Because above anything else, this is an album which constantly goes against itself, sometimes an atmosphere breaking rocketship love, sometimes a trudge onwards, some, sometimes a nasty little shitwicket moaning alone and uncomfortable and twirling up into itself in misery spirals, sometimes reaching out pleadingly for any sort of help offered. It's  sometimes self-immolation, sometimes an immutable fuck-you punched into brick and poetry. It's not simple. Our moods and convictions don't flow in one direction, don't get simply placed into templates or regular orbits, depression ain't a Freytag Arc, redemption is not a problem to be solved. The only constant on this album, it seems, is movement. Away from something, towards something, escape, return. Always searching. Ever ticking over with the struggles and distance "Always upstream/always against the grain" on Shirts, "Gonna be a rough road/gonna take some time" on Focus On Your Own Family.

"It's a long way back to be anything that anyone could love." is how it's set out on the opener Start Walking. This is an album that gives no clue of when, or if anyone will manage to stop, There's less of a wallow, more of a sense of purpose buts it's a tidal ebb 3 steps forward 2 steps back kinda shuffle as this punk rock tears and rumbles on.

It's a fucking life. Is the home of the title a destination, a place to escape from, or the place we're going towards now? The album can't decide. "Please don't make me go home. I'm wanted less than I'm wanted here." on Don't Make Me Go. "Help me find a home" and those big beautiful whoa-oh-ohs that close out the album on Take Me Out. Maybe it's all those things. "Home" is a odd word in English, it's often a tricky thing to get a student learning the language to remember that you can't 'go to home' (that's what I do in my day job), because when you say "I'm going home" home is an adverb, it's not a place, it's a direction, a qualifier to the action.

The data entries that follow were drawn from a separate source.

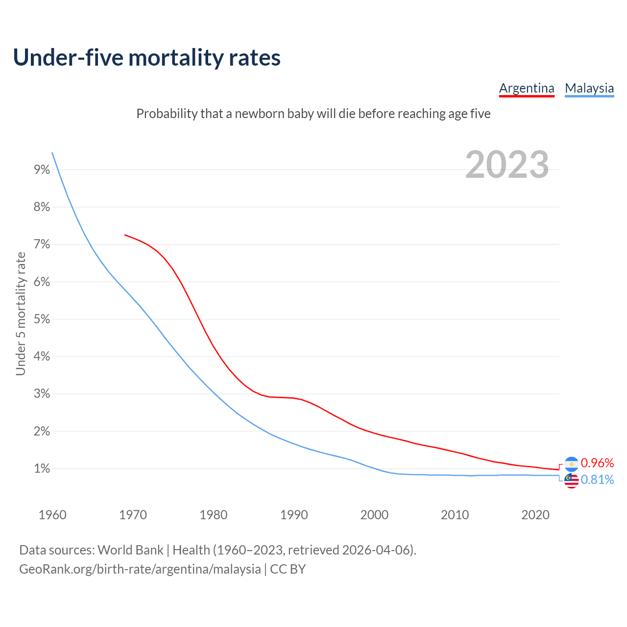 The chance that a newborn baby will die before reaching age five is 0.96% in Argentina and 0.81% in Malaysia. Above is a chart with historical data on under-five mortality rates.
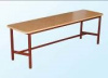 сиденье с закругленными углами изготовлено из ЛДСП, торцы облицованы кромкой ПВХ 2 мм, под сиденьем рамка из трубы 30х15 мм, к которой приварены ножки из трубы диаметром 32 мм. Для усиления конструкции к ножкам крепится Н-образная стяжка. Металлокаркас окрашен порошково-полимерной краской
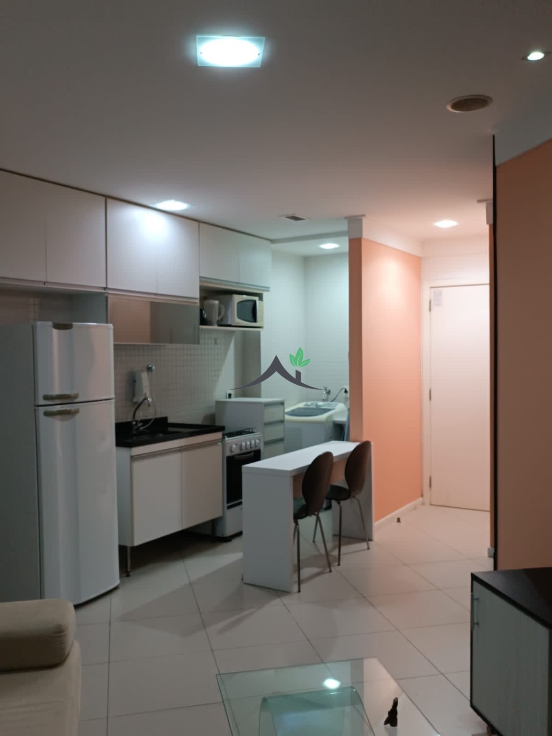 Apartamento com 45m², quarto e sala, mobiliado, cozinha com armários, ar-condicionado, varandinha charmosa, uma vaga de garagem coberta, prédio com elevador.
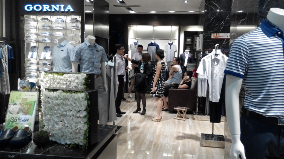 導(dǎo)購(gòu)耐心細(xì)致的為會(huì)員介紹商品面料,幫助會(huì)員們挑選心儀的商品
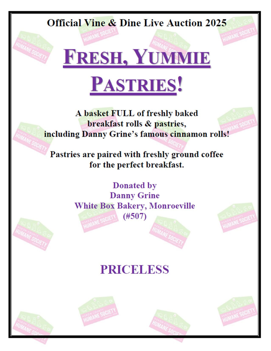 LIVE AUCTION ITEM Fresh Yummy Pastries! - A basket FULL of freshly baked breakfast rolls & pastries, including Danny Grine’s famous cinnamon rolls! Pastries are paired with freshly ground coffee for the perfect breakfast. Donated by Danny Grine, White Box Bakery, Monroeville
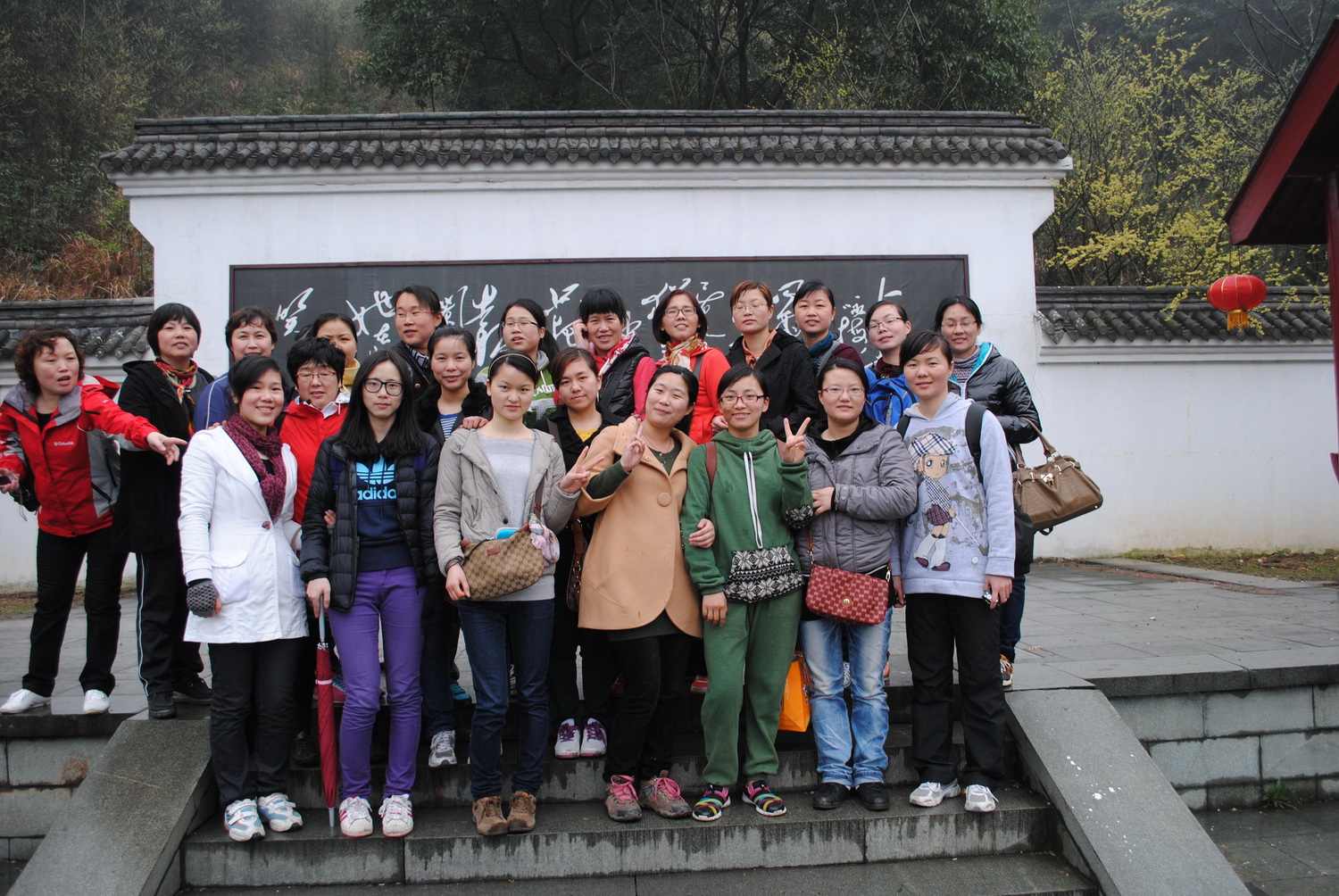 那天,天氣時而陰柔時而細雨飄零,恰是別有一番韻味,一切都在朦朦朧朧中。女同志們乘著早晨的霧氣直奔九峰之巔,一路上風景煞是秀麗,參天大樹,直入云霄,青山綠水,綠意盎然,放眼遠處群山,如詩如畫。經過半個多小時的攀登,終于到達峰頂,好一句杜甫的“會當臨絕頂,一覽眾山小”,山下的房屋、村落、溪流都顯得如此渺小。
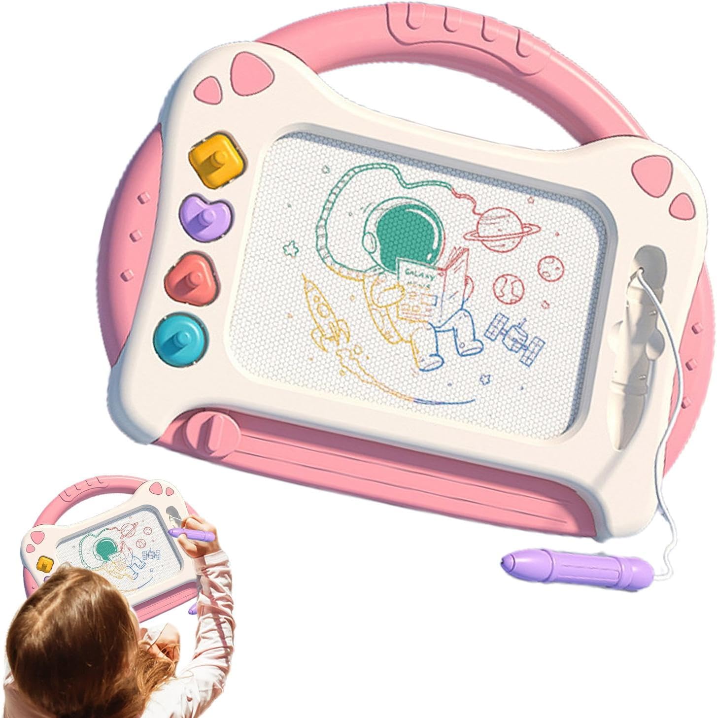 Sollevamento sicuro delle perline: i robusti magneti integrati forniscono un supporto affidabile delle perline, supportano lo sviluppo di abilità artistiche e consentono un design espressivo senza restrizioni Ampio spazio creativo: il tavolo da disegno magnetico con 89 campi griglia offre un ampio palcoscenico per creatività illimitata e ispira la progettazione senza sforzo di intricate opere d'arte Strumento di apprendimento interattivo: stimola le giovani menti con sfide di corrispondenza dei numeri e carte con motivi vivaci per un migliore riconoscimento della forma e una perfetta coordinazione mano-cervello durante il gioco creativo Comodo spazio di archiviazione: lo scomparto integrato garantisce una facile organizzazione dei giocattoli, conserva la penna in modo sicuro, insegna l'organizzazione abitudini e previene la perdita di parti per un'esperienza di gioco senza preoccupazioni. Fascino colorato: questa tavola da pittura magnetica ispira un viaggio creativo alla scoperta con la sua comoda impugnatura e i bordi morbidi, rinforzati da un'intensa varietà di colori e un motivo attraente
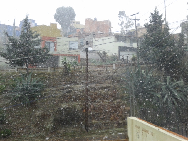 So, und heute ist es wieder so weit. Die nächste Kältefront und mit einem Grad Außentemperatur schneit es mal wieder in Zacatecas. Dieses Wetter verfolgt mich aus Europa. Alle finden es unglaublich. In der Uni wird teilweise der Unterricht abgesagt und ich kann nur den Kopf schütteln. Ich dachte es gibt hier keine Niederschläge? Ich dachte, es wäre schon Frühling!?
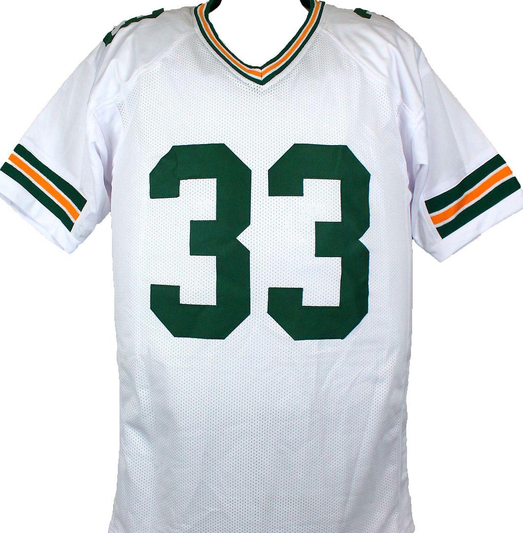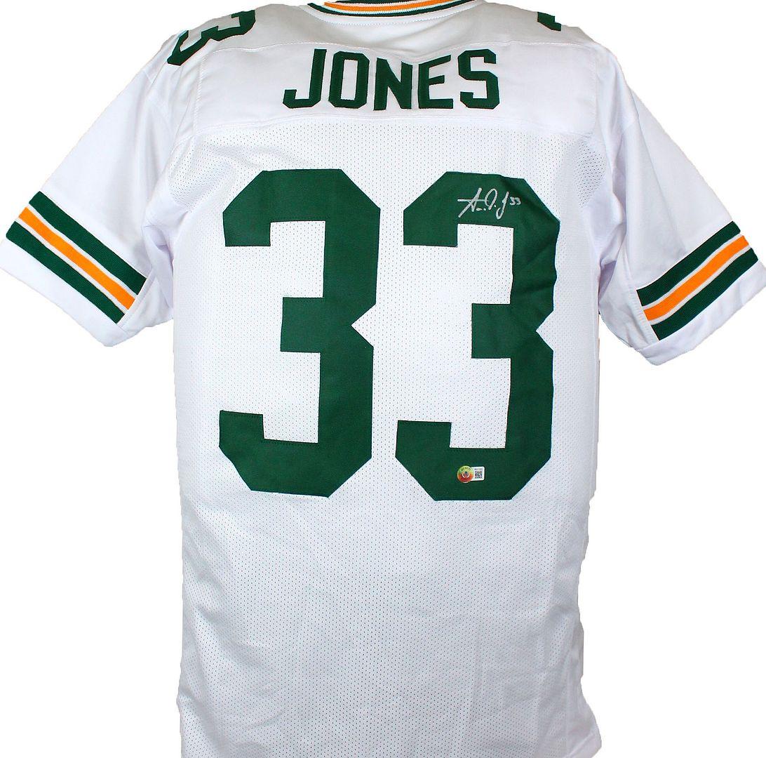 Jersey with everything sewn on, size XL. Hand-signed by Aaron Jones.
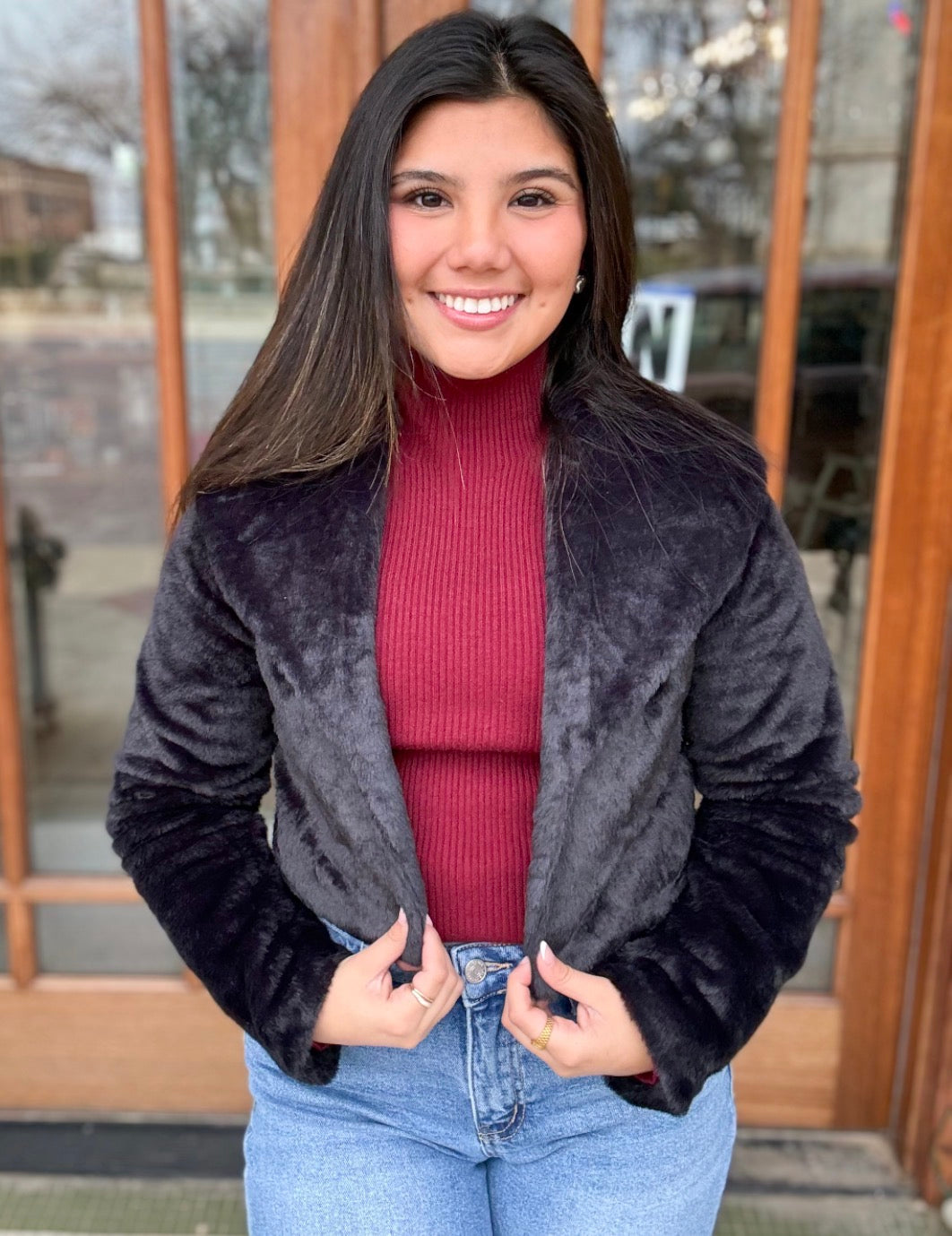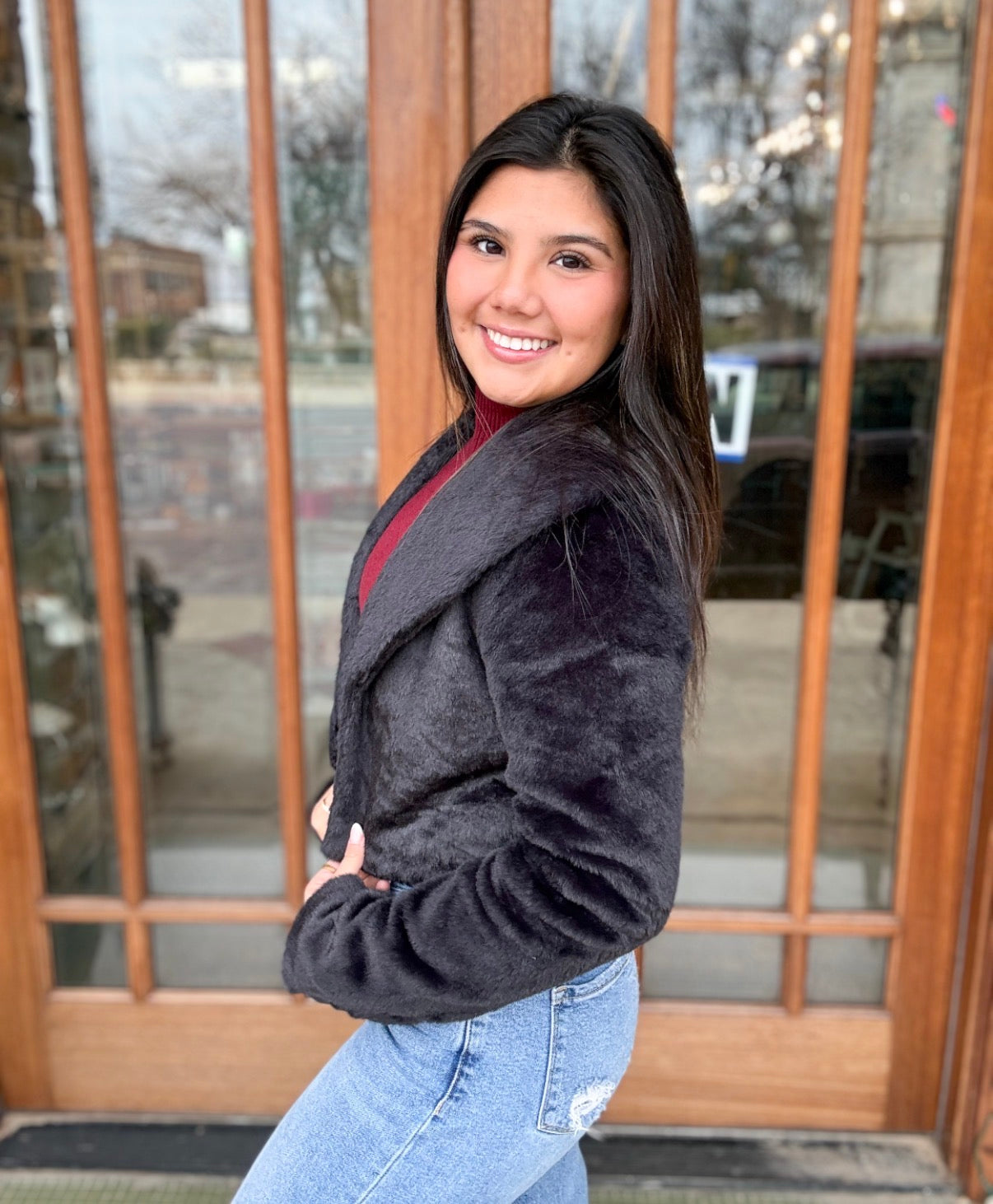 A chic black open-front cropped faux fur coat designed to add instant sophistication to any outfit. Featuring a soft, plush texture and a flattering cropped length, this statement piece layers effortlessly over dresses or casual looks for a polished finish. Perfect for cooler days and nights when you want warmth with standout style.
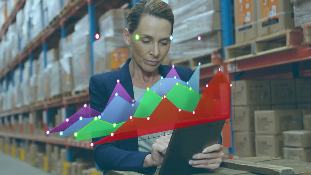 Business setting showing a female manager using a digital tablet in a warehouse with a colorful data graph overlay. This video is perfect for illustrating concepts of inventory management, logistics, or data analysis in marketing materials, presentations, or websites focusing on modern business solutions and technology.
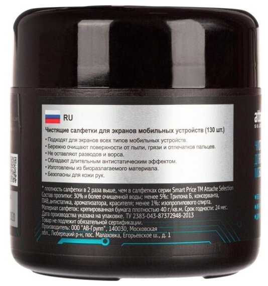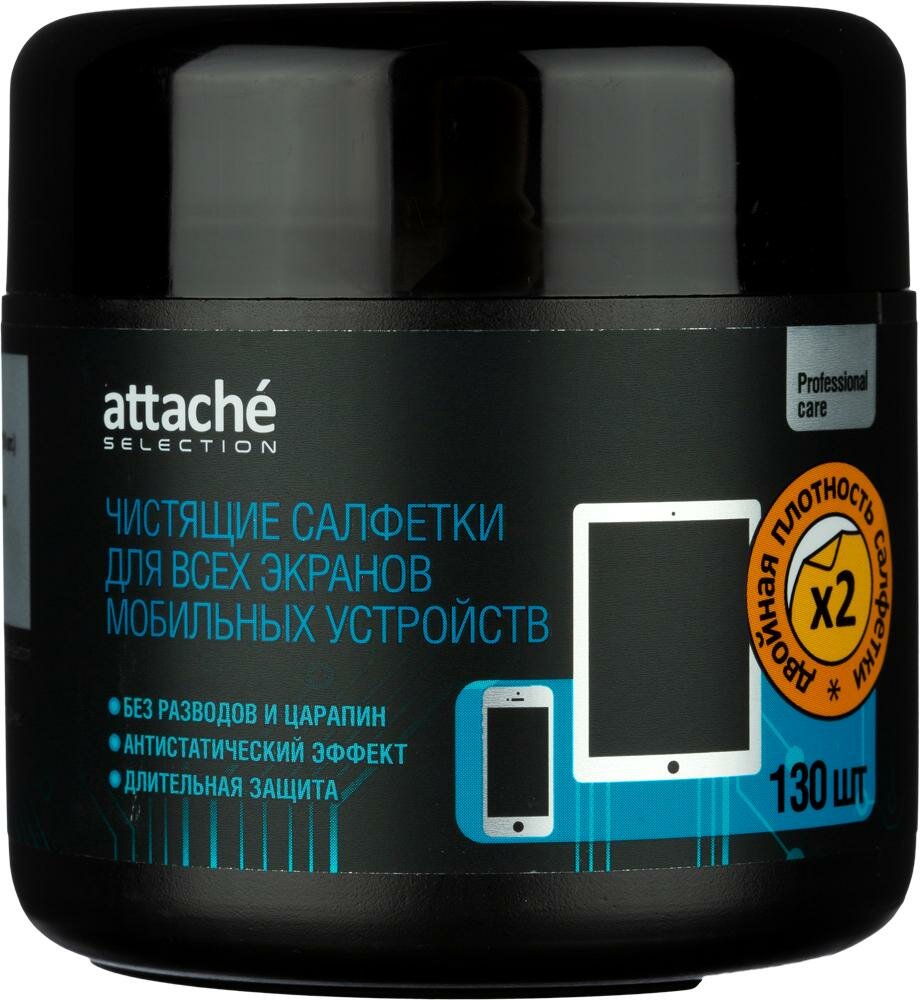 Влажные салфетки Attache Selection для экранов мобильных устройств, 130 шт информация:

Probably the Home Off With Their Heads are running with here is something like Pat the Bunny singing an acknowledgement of confusion on Johnny Hobo's Fuck Cops: "I don't know where home is, but I know that I'm not there now." and once when I was I was 18 and all wrapped up way too tight and deep in these sort of Off With Their Heads topics, those particular Freight Trains songs, my mum earnestly asked me if I was doing okay and all I could really hear was that line so I mentioned it and she kinda cried and I felt weird and ashamed and I needed to listen to punk rock because that's how I dealt. How I deal, when shit gets a bit too sharply human. With punk rock like this. As a companion for the journey, a whisper on the way.

“No wonder we cannot appreciate the really central Kafka joke: that the horrific struggle to establish a human self results in a self whose humanity is inseparable from the horrific struggle. That our endless and impossible journey toward home is in fact our home.” - David Foster Wallace, Consider the Lobster.